Fluorescent Probes for the Detection and Evaluation of Occult Ovarian Cancer
Team Leader:
Michael V. Seiden, M.D., Ph.D.,
Massachusetts General Hospital
Key Investigators:
Arlan Fuller, M.D., Massachusetts General Hospital
Richard Penson, M.D., Massachusetts General Hospital
Debra Bell, M.D., Massachusetts General Hospital
Neil Horowitz, M.D., Massachusetts General Hospital
Ralph Weissleder, M.D., Ph.D., Massachusetts General Hospital
Team Disciplines:
Medical Oncology, Gynecologic Oncology, Radiology, Medical Physics, Pathology
Abstract:
Standard examination for ovarian cancer involves the use of a 300mm long, 5mm diameter cylindrical lens assembly (laparoscope) projecting onto a visible spectrum charge coupled device (CCD), permitting the surgeon to image and survey the peritoneal cavity. However, sub-clinical disease goes undetected because it is not adequately imaged in the visible spectrum.

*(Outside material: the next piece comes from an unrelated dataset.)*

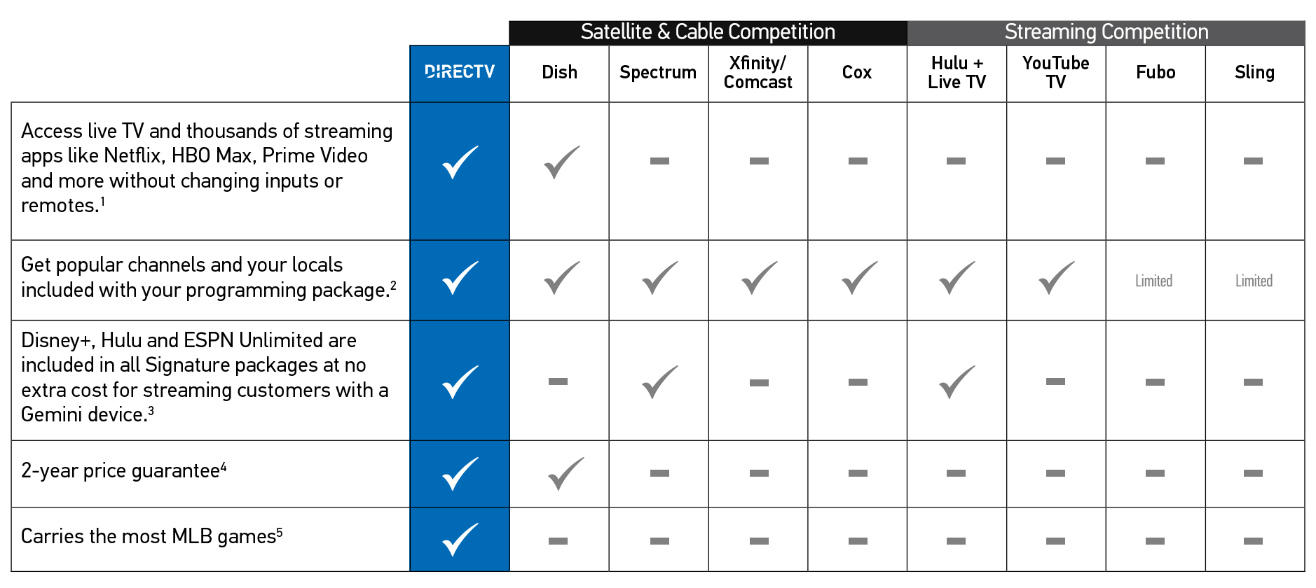 4w/eligible pkg. Must select offers. Premiums included for first 3 mos., then auto-renew monthly at then-prevailing rates unless canceled (curr. $18.49/mo. for HBO Max, $12.99/mo.; $13.99/mo. effective 2/24/26 for Paramount+ with SHOWTIME, $10.99/mo. each for STARZ and Cinemax, and $7.99/mo. for MGM+). Cancel anytime. Offer subj. to change. See details. Offer not available to existing DIRECTV or U-verse TV customers.

In the last several years, investigators have shown that classical imaging can be greatly enhanced by the use of reagents, which react with occult tumor and show the presence of very small tumors by signaling molecular events which are characteristic of cancer.
Essentially these molecular reagents, or molecular probes, can be made to detect several mechanisms as "markers" of cancer proliferation, such as the growth of abnormal blood vessels, the ability to subvert standard processes of cell death (apoptosis), the over-expression of growth factors and the breakdown of normal communication, or signal transduction, between elements of cell regulation.
In this work, we create a broad imaging platform by adding an infra-red channel, which is overlayed and co-registered with the standard visible optical image.
By injecting a small amount of indocyanine green (ICG), we see the notable retention of this common ophthalmic marker in abnormal tissue due to the micro-vessel density in tumor. Many similar bio-markers have been shown to specifically infer the molecular signatures of disease. ICG is made to fluoresce by near-infrared peak excitation at ~805nm using either a broadband or laser diode source. The characteristic emission at ~835_nm is captured in a secondary, devoted infra-red camera and combined and co-registered with the standard visible signal.
Biopsy guided by this method is anticipated to confirm that the combined visible and near-infrared system can locate tumor and suggest underlying causes otherwise invisible in standard practice.